Zigbee is a low power spin off of WiFi. It is a specification for small, low power radios based on IEEE 802.15.4 – 2003 Wireless Personal Area Networks standard. The specification was accepted and ratified by the Zigbee alliance in December 2004. Zigbee Alliance is a group of more than 300 companies including industry majors like Philips, Mitsubishi Electric, Epson, Atmel, Texas Instruments etc. which are committed towards developing and promoting this standard. The alliance is responsible for publishing and maintaining the ZIgbee specification and has updated it time and again after making it public for the first time in 2005. Most of the recent devices conform to the Zigbee 2007 specifications has two feature sets– Zigbee and Zigbee Pro. The manufacturers which are members of the Alliance provide software, hardware and reference designs to anyone who wants to build applications using Zigbee.

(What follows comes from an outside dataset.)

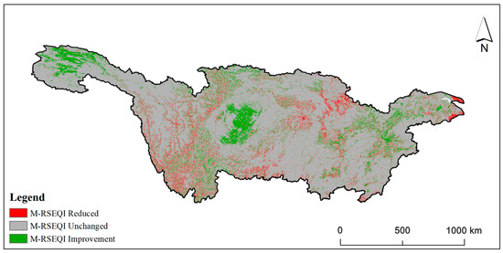 Change map of M-RSEQI in the Yellow River Basin from 2000 to 2017.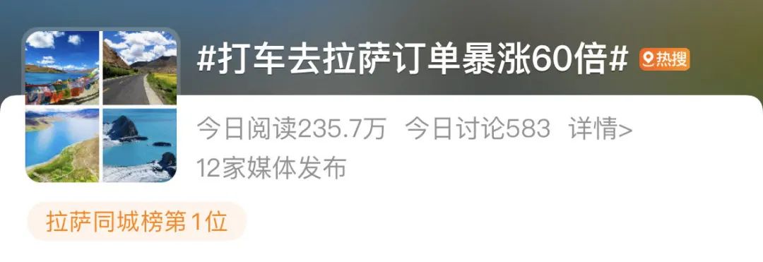 近日,#打车去拉萨订单暴涨60倍#、#近期3万人想打车去拉萨# 等话题冲上热搜。

Many years ago, when Bluetooth technology was introduced, it was thought that Bluetooth would make WiFi redundant. But the two coexist quite well today, so do many other Wireless standards like WirelessHART and ISA100.11a. Then why would we need another WPAN standard like Zigbee? The answer is, the application focus of Zigbee Alliance - low cost and low power for energy efficient and cost effective intelligent devices. Moreover, Zigbee and Bluetooth have different application focus. Despite of all their similarities, and despite the fact that both are based on the IEEE 802.15 standards, the two are different in technology as well as scope. Bluetooth is made with mobile phones as its centre of universe enabling media transfer at rates in excess of 1 Mbps while Zigbee is built with emphasis on low data rate control system sensors featuring slower data of just 250 kbps.
Zigbee Networks
Zigbee devices can form networks with Mesh, Star and Generic Mesh topologies among themselves. The network can be expanded as a cluster of smaller networks. A ZigBee network can have three types of nodes: Zigbee Coordinator (ZBC), Zigbee router (ZBR) and Zigbee End Device (ZBE) each having some unique property.